Ramadan und Fastenzeit verbinden Niedersachsen in gemeinsamer Besinnung
Emma BeckerRamadan und Fastenzeit verbinden Niedersachsen in gemeinsamer Besinnung
Ramadan beginnt am 19. Februar und dauert bis zum 19. März 2026. Der heilige Monat ist geprägt von Fasten, Gebet und gemeinschaftlichen Zusammenkünften. In Niedersachsen haben politische und religiöse Führungspersönlichkeiten Botschaften der Einheit und Besinnung geteilt – zu einer Zeit, in der sowohl Muslime als auch Christen ihre jeweiligen Fasten- und Andachtszeiten beginnen.

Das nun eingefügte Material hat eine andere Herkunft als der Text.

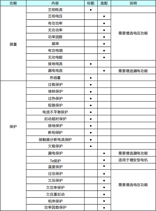 由于电动机应用的用途、性能、环境,因此电动机保护的功能种类和数量也有所差异。所以用户在选择电动机保护器功能时,可能在选择保护功能时不尽相同。因此,云顶国际从用户的角度出发,避免在电动机保护器选型上的不便以及购买非必要功能造成的额外支出,云顶国际编排了一个标准的电动机保护器的选型。
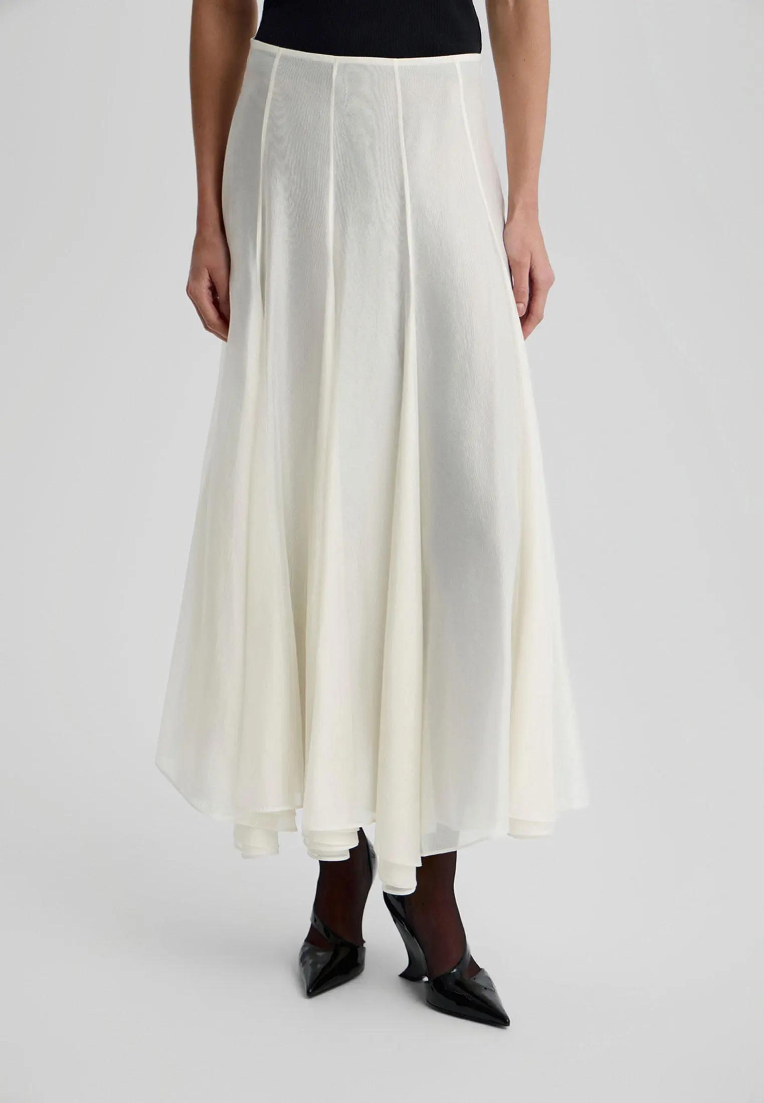 Главный маст-хэв сезона, с которого стоит начать. Хлопковая юбка-солнце расклешается от талии и создает аккуратный объем, который делает образ одновременно невесомым и статусным. Белый цвет здесь работает идеально: он подчеркивает игру света и тени на складках. Носи ее с простым топом или футболкой, чуть заправленной внутрь, чтобы акцентировать талию. Обувь можно выбрать любую — от кед и мокасинов до сандалий и босоножек на каблуке.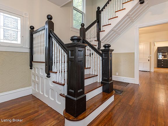 NO TRICKS, ALL TREATS! This complete renovation is not one to miss! Over 3300 sq feet of gorgeous living spaces! This Historic Queen Ann has been reimagined with love and care- Oozing with charm you will delight in the gleaming refinished original hardwood floors, detailed trim molding and millwork that only a home of this era can offer. Upon entering under the covered front porch the traditional foyer & grand staircase greet you. the front sitting room flows effortlessly into the large family room. The solid wood original pocket doors remain in place and operable for your entertaining, and design desires! Fireside formal dining room with transom window row allows easy access to the newly reimagined chefs kitchen as well as the separate laundry utility/mud room. Dual access entry to the main level powder room lends convenience. With a chef's kiss, your new kitchen boasts abundant cabinetry, upgraded stainless steel appliances & overflowing granite counter prep space! The second level offers 4 large bedrooms & large fully tiled walk in shower with glass enclosure! Heading to the third floor you will be wowed! This multi purpose space is ready to be utilized for whatever your needs may be- Custom finished with hardwood flooring, walk in closet and an oversized full bathroom! The large level lot, detached garage, off street parking and an abundance of greenspace complete this rare gem. Easily access downtown New Albany, shopping, dining, and major thoroughfares! NEW ROOF, PLUMBING, ELECTRICAL, FIXTURES the list goes on! Listing Agent has a financial interest in the property.

Für Muslime ist der Ramadan eine Phase des Fastens von der Morgendämmerung bis zum Sonnenuntergang, gefolgt vom Iftar – der Mahlzeit, die das tägliche Fasten bricht. Dieses Ritual stärkt Gastfreundschaft, Gemeinschaftsgefühl und Großzügigkeit unter Familien und Nachbarn. Den Abschluss bildet das Fest des Fastenbrechens, Eid al-Fitr, ein dreitägiges Fest der Dankbarkeit und Freude.
Gleichzeitig haben die Christen in Niedersachsen die 40-tägige Fastenzeit begonnen, die auf Ostern zusteuert. Die evangelische Kirche steht in diesem Jahr unter dem Motto "Mit Gefühl! Sieben Wochen ohne Härte" – ein Aufruf zu Mitgefühl und Selbstreflexion.
Ministerpräsident Olaf Lies richtete warme Worte an beide Gemeinschaften. Er beschrieb den Ramadan als eine Zeit der Besinnung, des Gebets und des Zusammenhalts und rief die Menschen dazu auf, Wertschätzung, Empathie und gegenseitige Unterstützung zu zeigen. Die Landesbeauftragte Deniz Kurku schloss sich diesen Gedanken an und betonte die Bedeutung von Einheit und Vielfalt in der niedersächsischen Gesellschaft. Kurku wünschte allen zudem eine gesegnete und friedvolle Fastenzeit.
Die zeitgleichen Andachtszeiten von Ramadan und Fastenzeit unterstreichen die gemeinsamen Werte der Besinnung und Gemeinschaft in Niedersachsen. Führungspersönlichkeiten ermutigten die Bürgerinnen und Bürger, in dieser heiligen Zeit Empathie und Solidarität zu leben. Auf den Ramadan folgt Eid al-Fitr, das mit drei Tagen festlicher Begegnungen das Ende der Fastenzeit markiert.